* [TO DO]:
Give back, word for word, the line that contains "6 Doppelzimmer mit" and every line that follows it in the data below.

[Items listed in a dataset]
※

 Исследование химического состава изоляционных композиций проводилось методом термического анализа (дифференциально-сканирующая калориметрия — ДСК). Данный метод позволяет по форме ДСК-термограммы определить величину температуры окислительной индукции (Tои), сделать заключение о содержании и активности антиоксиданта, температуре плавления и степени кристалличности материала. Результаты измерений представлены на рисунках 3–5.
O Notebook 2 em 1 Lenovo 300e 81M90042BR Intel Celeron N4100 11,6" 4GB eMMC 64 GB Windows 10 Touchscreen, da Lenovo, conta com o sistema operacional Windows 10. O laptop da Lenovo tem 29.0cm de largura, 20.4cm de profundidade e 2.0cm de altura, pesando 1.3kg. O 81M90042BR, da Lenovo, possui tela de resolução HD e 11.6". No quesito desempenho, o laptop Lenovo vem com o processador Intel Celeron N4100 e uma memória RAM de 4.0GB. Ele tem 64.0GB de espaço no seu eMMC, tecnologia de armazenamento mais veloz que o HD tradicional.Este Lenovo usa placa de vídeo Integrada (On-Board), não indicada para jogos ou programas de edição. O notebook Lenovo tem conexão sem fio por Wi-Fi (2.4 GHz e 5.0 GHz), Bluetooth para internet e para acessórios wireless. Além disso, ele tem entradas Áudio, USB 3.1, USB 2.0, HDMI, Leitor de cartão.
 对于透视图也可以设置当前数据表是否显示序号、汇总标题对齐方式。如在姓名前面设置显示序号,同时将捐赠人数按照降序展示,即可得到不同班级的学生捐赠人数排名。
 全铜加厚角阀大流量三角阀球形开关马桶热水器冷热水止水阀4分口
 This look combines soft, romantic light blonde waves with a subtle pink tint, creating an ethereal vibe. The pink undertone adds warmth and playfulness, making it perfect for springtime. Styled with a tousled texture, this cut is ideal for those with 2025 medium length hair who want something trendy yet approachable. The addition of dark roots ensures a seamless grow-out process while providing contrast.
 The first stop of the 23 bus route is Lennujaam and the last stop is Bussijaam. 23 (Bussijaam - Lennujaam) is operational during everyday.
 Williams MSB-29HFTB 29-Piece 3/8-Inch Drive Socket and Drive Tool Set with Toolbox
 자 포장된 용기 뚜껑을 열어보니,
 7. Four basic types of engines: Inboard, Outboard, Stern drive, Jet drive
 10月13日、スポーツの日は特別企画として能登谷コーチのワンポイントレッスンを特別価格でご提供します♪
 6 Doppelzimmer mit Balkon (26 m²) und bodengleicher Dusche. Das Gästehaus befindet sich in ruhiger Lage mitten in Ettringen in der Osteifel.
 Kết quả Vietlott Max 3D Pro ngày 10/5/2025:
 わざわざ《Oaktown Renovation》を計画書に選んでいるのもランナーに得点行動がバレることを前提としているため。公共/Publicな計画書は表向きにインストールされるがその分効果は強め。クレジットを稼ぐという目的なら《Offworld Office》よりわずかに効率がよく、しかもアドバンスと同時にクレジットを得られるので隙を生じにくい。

※

* [EXERCISE RESULT]:
 6 Doppelzimmer mit Balkon (26 m²) und bodengleicher Dusche. Das Gästehaus befindet sich in ruhiger Lage mitten in Ettringen in der Osteifel.
 Kết quả Vietlott Max 3D Pro ngày 10/5/2025:
 わざわざ《Oaktown Renovation》を計画書に選んでいるのもランナーに得点行動がバレることを前提としているため。公共/Publicな計画書は表向きにインストールされるがその分効果は強め。クレジットを稼ぐという目的なら《Offworld Office》よりわずかに効率がよく、しかもアドバンスと同時にクレジットを得られるので隙を生じにくい。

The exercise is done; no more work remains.